Gelet op hetgeen de rechtbank hiervoor heeft overwogen heeft, is zij van oordeel dat de heffingsambtenaar de waarde van de woning op zorgvuldige wijze heeft vastgesteld en dat de heffingsambtenaar met hetgeen hij heeft aangevoerd erin is geslaagd aannemelijk te maken dat de waarde van de woning van € 624.000 niet te hoog is vastgesteld.

Conclusie en gevolgen

3. Het beroep is ongegrond. Dit betekent dat de WOZ-waarde gehandhaafd blijft. Omdat het beroep ongegrond is, krijgt belanghebbende zijn griffierecht niet vergoed. Ook krijgt belanghebbende geen vergoeding van zijn proceskosten.

Beslissing

De rechtbank verklaart beroep ongegrond.
Deze uitspraak is gedaan door mr. A.G.J.M. de Weert, rechter, in aanwezigheid van mr.
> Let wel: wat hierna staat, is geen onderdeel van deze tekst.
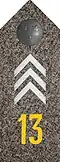 | Regementsförvaltare | Förvaltare | Överfanjunkare | Fanjunkare | Översergeant | Sergeant | Överfurir | Furir | Korpral | Vicekorpral | Menig 4 | Menig 3 | Menig 2 | Menig 1 | Menig | ||||||||||||||||||||||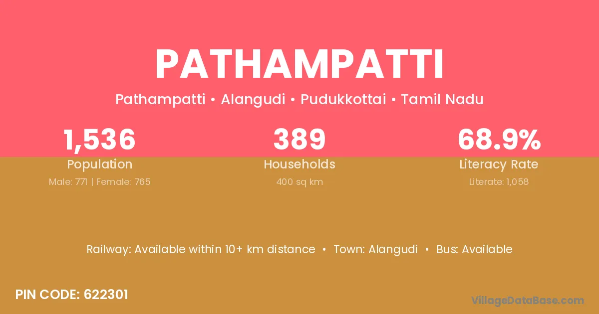 Pathampatti village has a total population of 1,536 people, of which 771 are males and 765 are females.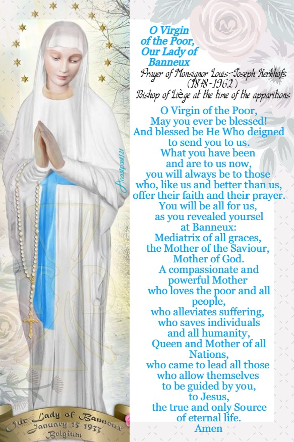 O Virgin of the Poor, May you ever be blessed! And blessed be He Who deigned to send you to us. What you have been and are to us now, you will always be to those who, like us and better than us, offer their faith and their prayer. You will be all for us, as you revealed yourself at Banneux: Mediatrix of all graces, the Mother of the Saviour, Mother of God. A compassionate and powerful Mother who loves the poor and all people, who alleviates suffering, who saves individuals and all humanity, Queen and Mother of all Nations, who came to lead all those who allow themselves to be guided by you, to Jesus, the true and only Source of eternal life. Amen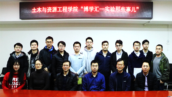 11月28日下午,万象城体育awcsport“博学汇-实验那些事儿”博士生沙龙在土木楼214会议室成功举办,本次活动邀请到学院副院长、实验中心主任宋卫东教授、实验中心书记张延凯老师、副主任张磊老师、资源实验室主任孙金海老师、安全实验室主任欧盛南老师、矿加实验室主任徐承焱老师、土木建能实验室主任黄正均老师,以及各年级博士生参加,活动由学院研工组组长姜琳婧老师主持。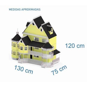 Confeccionada em mdf de 3 mm,a casinha é composta por diversas peças, as quais se encaixam sutilmente devido a precisão de corte dos mesmos. Não acompanha móveis.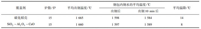 本次生產(chǎn)試驗(yàn)選用一煉鋼廠45#80t鋼包,分別記錄使用碳化稻殼覆蓋劑、SiO2-Al2O3-CaO覆蓋劑鋼包鋼水溫降情況,出鋼溫度控制在1660±5℃,覆蓋劑按照1kg/t的加入量,出鋼10min后測(cè)溫,各試驗(yàn)爐15爐。其中SiO2-Al2O3-CaO覆蓋劑成分如表2所示,溫度測(cè)量結(jié)果如表3所示。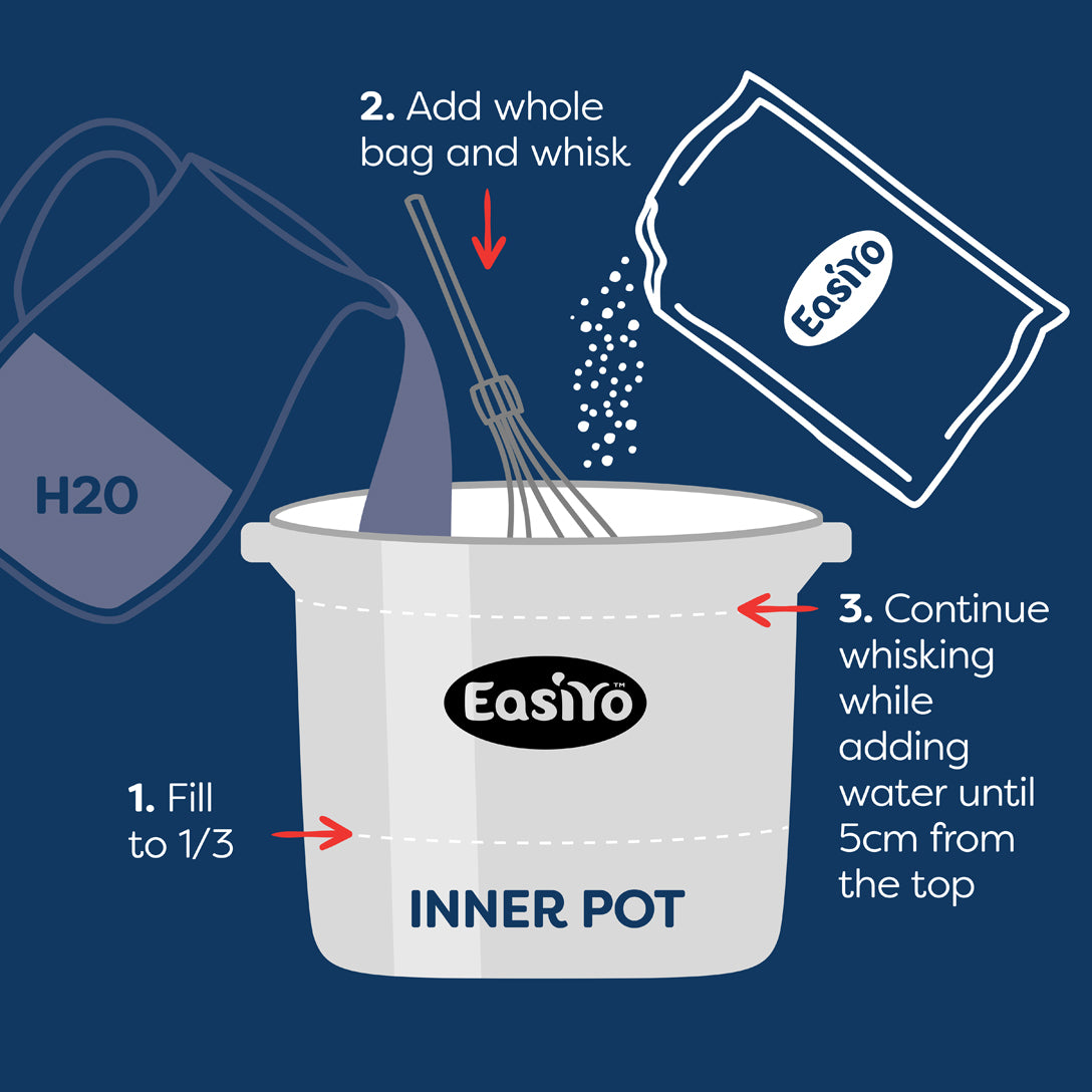 Third-fill the inner pot with room temperature drinking water and thoroughly whisk in a whole bag of EasiYo Yogurt Base. Continue whisking while topping up with more water.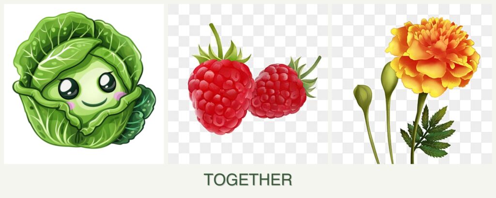 Pest Control: Marigolds deter pests like nematodes and aphids, benefiting cabbage. Raspberries don’t directly benefit from marigolds but aren’t negatively affected.

M.J. van Balkom, griffier, op 25 februari 2025 en openbaar gemaakt door middel van geanonimiseerde publicatie op www.rechtspraak.nl.
griffier
Rechter
Een afschrift van deze uitspraak is verzonden aan partijen op:

Informatie over hoger beroep

Een partij die het niet eens is met deze uitspraak, kan een hogerberoepschrift sturen naar het gerechtshof ‘s-Hertogenbosch waarin wordt uitgelegd waarom deze partij het niet eens is met deze uitspraak. Het hogerberoepschrift moet worden ingediend binnen zes weken na de dag waarop deze uitspraak is verzonden.
Digitaal hoger beroep instellen kan via “Formulieren en inloggen” op www.rechtspraak.nl. Hoger beroep instellen kan eventueel ook nog steeds door verzending van een brief aan het gerechtshof ‘s-Hertogenbosch.

Voetnoten

1.Kamerstukken II 1992/93, 22 885, nr. 3, blz. 44.